Don't worry, some operators are supported on `gfx1030` architecture, so you can run a
separate example like::

    ./bin/example_gemm_dl_fp16 1 1 1

and it should return something like::

    a_m_k: dim 2, lengths {3840, 4096}, strides {1, 4096}
    b_k_n: dim 2, lengths {4096, 4096}, strides {4096, 1}
    c_m_n: dim 2, lengths {3840, 4096}, strides {4096, 1}
    arg.a_grid_desc_k0_m0_m1_k1_{2048, 3840, 2}
    arg.b_grid_desc_k0_n0_n1_k1_{2048, 4096, 2}
    arg.c_grid_desc_m_n_{ 3840, 4096}
    launch_and_time_kernel: grid_dim {960, 1, 1}, block_dim {256, 1, 1}
    Warm up 1 time
    Start running 10 times...
    Perf: 3.65695 ms, 35.234 TFlops, 26.3797 GB/s, DeviceGemmDl<256, 128, 128, 16, 2, 4, 4, 1>

.. note::

    A new CMake flag ``DL_KERNELS`` has been added to the latest versions of CK. If you do not see the above results when running ``example_gemm_dl_fp16``, you might need to add ``-D DL_KERNELS=ON`` to your CMake command to build the operators supported on the `gfx1030` architecture.

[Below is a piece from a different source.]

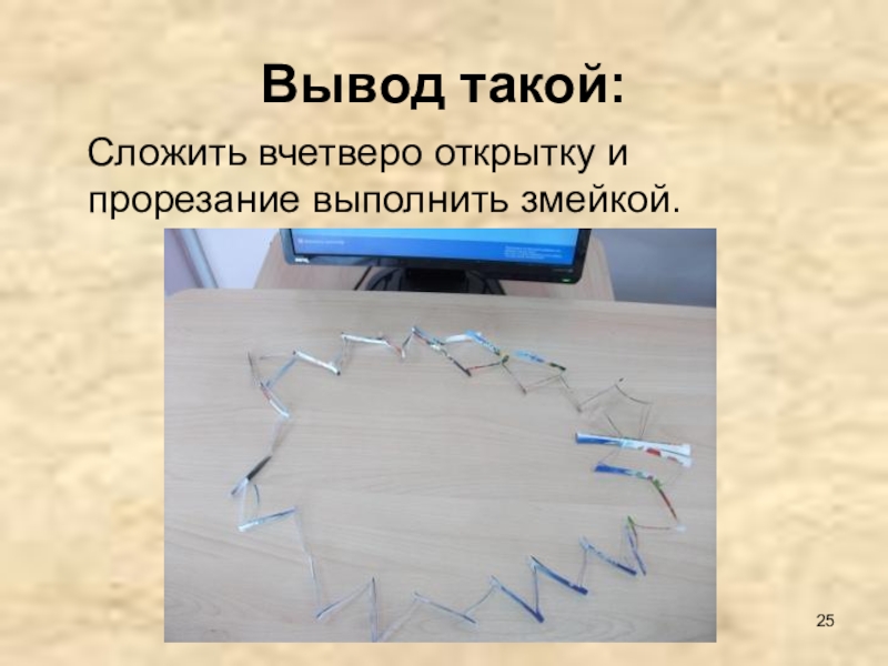 Сложить вчетверо открытку и прорезание выполнить змейкой.

You can also run a separate test::

    ctest -R test_gemm_fp16

If everything goes well you should see something like::

    Start 121: test_gemm_fp16
    1/1 Test #121: test_gemm_fp16 ...................   Passed   51.81 sec

    100% tests passed, 0 tests failed out of 1

Summary
=======

In this tutorial you took the first look at the Composable Kernel library, built it on your system and ran some examples and tests. In the next tutorial you will run kernels with different configurations to find out the best one for your hardware and task.

P.S.: If you are running on a cloud instance, don't forget to switch off the cloud instance.